Chung-Yin might be a new face at Tattersalls Ireland but Paul Harley, the company's representative for Germany and Scandinavia, has a deep understanding as to what a lot of clients want from this sale. Harley himself has done a lot of business at this breeze-up sale down through the years. He hopes to be active again when things kick off at 10am on Friday morning and shared a genuine optimism about what trade will bring in between post-breeze inspections on Thursday. 

He said, “The Scandinavians feel very welcome here and they love this sale. Exporting is much more straightforward for the Scandinavians and, not only that, but they have had a lot of success shopping in Ireland. There are a lot of people here. Alex Cairns, of Irish Thoroughbred Marketing, does a lot of work in attracting foreign investors to this sale and told me that we have 22 Scandinavian buyers here. I think there are a couple of German buyers as well. To be fair, we would have a lot of clients at different levels this week and hope to be busy.”

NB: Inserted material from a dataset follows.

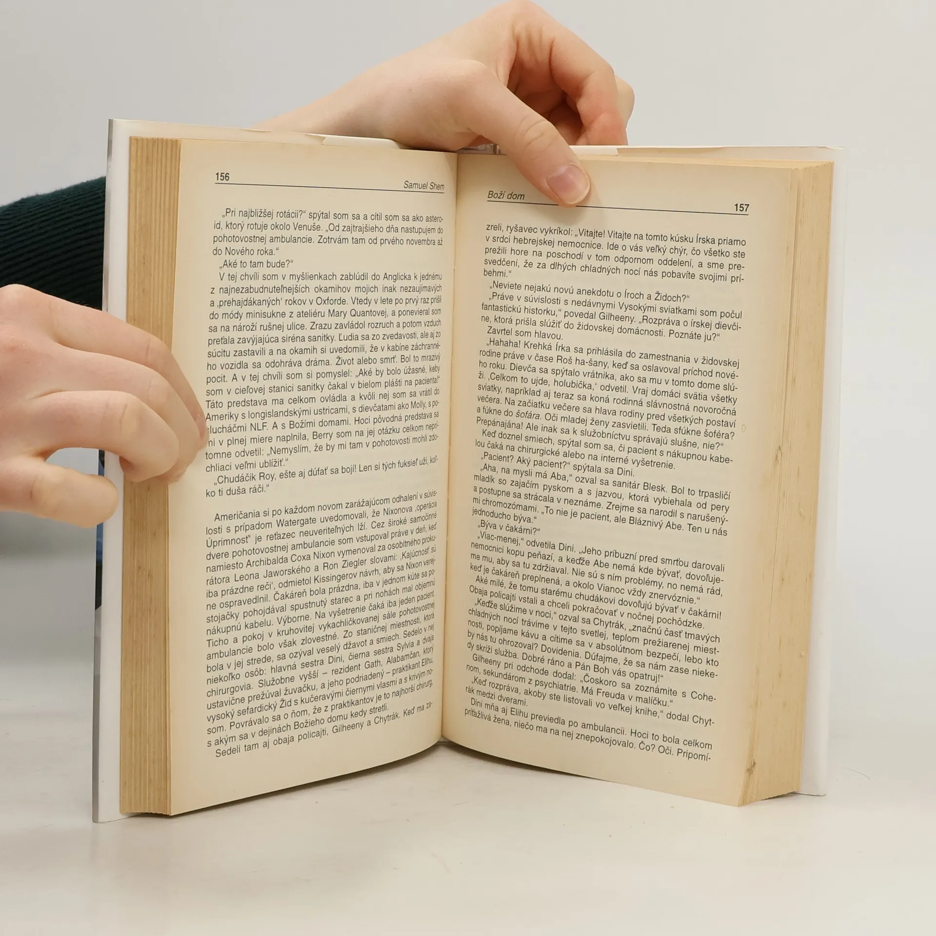 Román z lékařského prostředí s výraznými autobiografickými prvky, který při svém uvedení na americký knižní trh v roce 1978 způsobil doslova poprask v literárních i medicínských kruzích a je od té doby přirovnáván k Hellerovu románu Hlava 22 - tak jako Heller demýtizoval armádu, tak Shem píchl do vosího hnízda amerického zdravotnictví. Vylíčení poměrů v severoamerické nemocnici by se mohlo zdát příliš kruté, příliš syrové, příliš šokující, příliš přesexualizované, příliš přitažené za vlasy... je ale pravdivé. A dlužno podotknout, že není nijak zvlášť specifické jen pro americké poměry.

Tattersalls Ireland has traditionally had a strong cohort of buyers from Scandinavia and Italy but, if there is an area that has been developing in recent times, perhaps that is Eastern Europe. 

Just last year, the European Pattern Committee upgraded Poland's flagship race, the Wielka Warszawska, to Listed status. One of the leading trainers in that nation, Maciej [pronounced Magic] Kacprzyk stated his intention not to leave Fairyhouse empty handed.

He said, “I think Ireland offers the best quality horses and value for money in Europe. What I love about Ireland is that they have excellent sires but also a lot of horses by some new sires who could also be very good. We are also buying in France but France is much more expensive than Ireland. After Brexit, I decided not to go to Britain. Okay, from Ireland it is expensive to travel the horses home but it is a lot easier than from Britain.”

Kacprzyk added, “We are going to buy two or three horses this week and have a decent budget as well. For Poland, we are not searching for typical two-year-old types. We want mile-plus horses so that's what I am looking for this week.”

A trip to Tattersalls Ireland wouldn't be complete without a chat with the Thistle brothers or, to afford them their correct title, the Shinnick brothers who couldn't have wished for a better start to the consigning ranks when selling a Make Believe (GB) filly for €170,000 here last year.

The boys came out with the brilliant line that the filly “looked fast going past thistles” after the sale 12 months ago and are back again with a speedy Arizona (Ire) filly who showed up well on all of the times sheets and appears to be going down well with many of the top buyers. 

John Shinnick said, “We only gave 20 grand for this filly. She has been galloping around the same field of thistles as the last one so it's obviously working! It's a good thrill. It's a great buzz when you get one ready for the breeze-up sale because it's not simple. There is only one date and so much can go wrong so, when it works out, it's some buzz.”

While John, 22, is a talented dual-purpose rider who has partnered many winners on the track, his brother Andy, 27, keeps the show going at home. 

He concluded, “I do all the dirty work-riding out in the rain and things like that! This is only our second year at it but we're really enjoying it and we are learning from Blarney Holland, who is one of the best in the game. He's only five minutes down the road from us in Cork and has been a massive help.

“We've seen loads of lads buy horses and lose a load of money so we were conscious of that when we sold the filly last year and then we didn't go mad at the yearling sales. Thankfully this filly breezed well and she seems to be going down okay. There are plenty of people here so hopefully all goes well tomorrow.”